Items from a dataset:
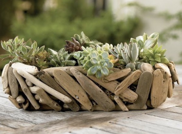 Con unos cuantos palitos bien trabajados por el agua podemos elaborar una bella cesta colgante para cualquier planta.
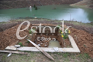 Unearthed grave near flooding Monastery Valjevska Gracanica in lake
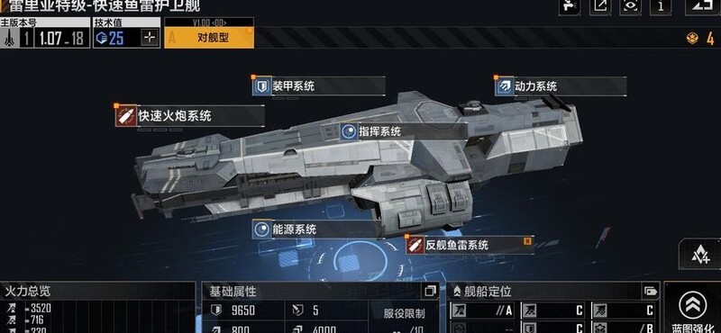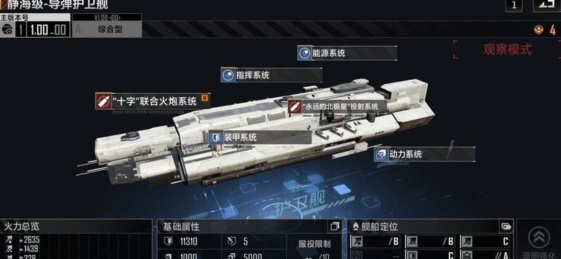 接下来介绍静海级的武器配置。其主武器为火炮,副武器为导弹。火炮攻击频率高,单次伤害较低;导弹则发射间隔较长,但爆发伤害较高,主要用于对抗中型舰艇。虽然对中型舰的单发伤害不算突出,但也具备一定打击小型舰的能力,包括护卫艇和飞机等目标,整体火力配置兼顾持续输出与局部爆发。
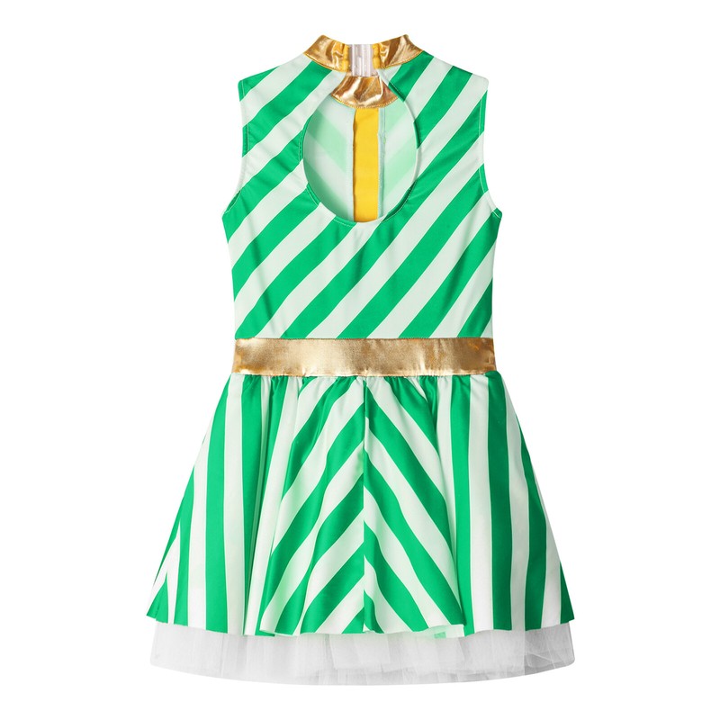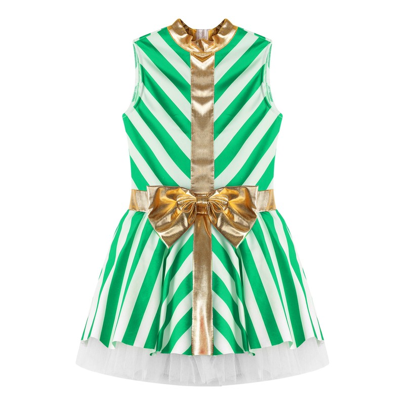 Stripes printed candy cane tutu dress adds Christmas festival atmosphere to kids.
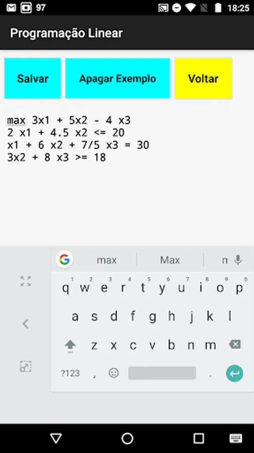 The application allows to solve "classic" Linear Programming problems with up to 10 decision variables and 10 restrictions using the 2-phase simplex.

### Your assignment
If a record contains a picture, leave the picture out; repeat the record itself exactly.

### Reply to the exercise
 Con unos cuantos palitos bien trabajados por el agua podemos elaborar una bella cesta colgante para cualquier planta.
 Unearthed grave near flooding Monastery Valjevska Gracanica in lake
 接下来介绍静海级的武器配置。其主武器为火炮,副武器为导弹。火炮攻击频率高,单次伤害较低;导弹则发射间隔较长,但爆发伤害较高,主要用于对抗中型舰艇。虽然对中型舰的单发伤害不算突出,但也具备一定打击小型舰的能力,包括护卫艇和飞机等目标,整体火力配置兼顾持续输出与局部爆发。
 Stripes printed candy cane tutu dress adds Christmas festival atmosphere to kids.
 The application allows to solve "classic" Linear Programming problems with up to 10 decision variables and 10 restrictions using the 2-phase simplex.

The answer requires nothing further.